Rotate service account keys

To rotate the service account keys in GKE on Bare Metal, you update the existing cluster credentials with the bmctl command. This service account key rotation might be as part of your regular processes to update credentials, or in response to a potential exposure of the keys. When you update cluster credentials, the new information is passed to admin or hybrid clusters, or automatically routed to affected user clusters managed by an admin cluster.

Cluster credentials that can be updated

GKE on Bare Metal clusters require multiple credentials when they are created. You set the credentials in the cluster config when you create an admin, standalone, or hybrid cluster. User clusters, as noted previously, are managed by an admin cluster (or a hybrid cluster acting as admin), and will reuse the same credentials from the admin cluster.

For more information about creating clusters and different cluster types, see Installation overview: choosing a deployment model.

You can update the following credentials, and their corresponding secrets, in GKE on Bare Metal clusters with the bmctl command:

  • SSH private key: Used for node access.
  • Container Registry key (anthos-baremetal-gcr): Service account key used to authenticate with Container Registry for image pulling.
  • Connect agent service account key (anthos-baremetal-connect): Service account key used by Connect agent pods.
  • Connect registry service account key (anthos-baremetal-register): Service account key used to authenticate with Hub when registering or unregistering a cluster.
  • Cloud operations service account key (anthos-baremetal-cloud-ops): Service account key to authenticate with Google Cloud Observability (logging & monitoring) APIs.

Update credentials with bmctl

When you create clusters, GKE on Bare Metal creates Kubernetes Secrets based on your credential keys. If you generate new keys, you must update the corresponding Secrets as described in the following steps. If the name or path to your keys change, you must also update the corresponding cluster configuration file.

  1. Prepare the new values for the credentials you want to update:

    • You can generate new Google service account keys through the Google Cloud CLI or through the Google Cloud console.

    • Generate new SSH private key on the admin workstation and make sure the cluster node machines have the corresponding public key.

  2. Update the credentials section of your cluster configuration file with paths to the new keys.

  3. Update the corresponding cluster Secrets with the bmctl update credentials command, adding the appropriate flags.

    The following example updates the credentials for a new SSH private key:

    bmctl update credentials --kubeconfig ADMIN_KUBECONFIG \
        --cluster CLUSTER_NAME \
        --ssh-private-key-path SSH_KEY_PATH
    

    Replace the following:

    • ADMIN_KUBECONFIG: the path of the kubeconfig file of the admin or self-managing cluster.

    • CLUSTER_NAME: the name of the cluster that you're updating the SSH key for.

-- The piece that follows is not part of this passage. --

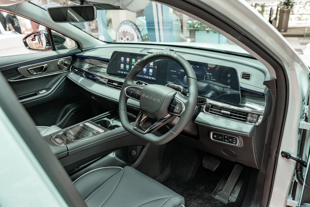 Here, you can discover the Omoda E5, a Cat A crossover with a distinctive coupe-like roofline. Swoopy lines aside, the car also boasts a high-tech cockpit that features the infotainment and instrument panels integrated into one sleek unit. Wireless Apple CarPlay and Android Auto are also standard.

    • SSH_KEY_PATH: the path of the SSH key file. By default, bmctl checks the SSH and service account key files specified in the cluster configuration file. If bmctl finds an expired key file, the command fails. If you have the new valid key file in a different location than what's specified in the configuration file, include the --ignore-validation-errors flag to avoid this failure.

    For a complete list of the flags that you can use with the bmctl update credentials command, see update credentials in the bmctl command reference.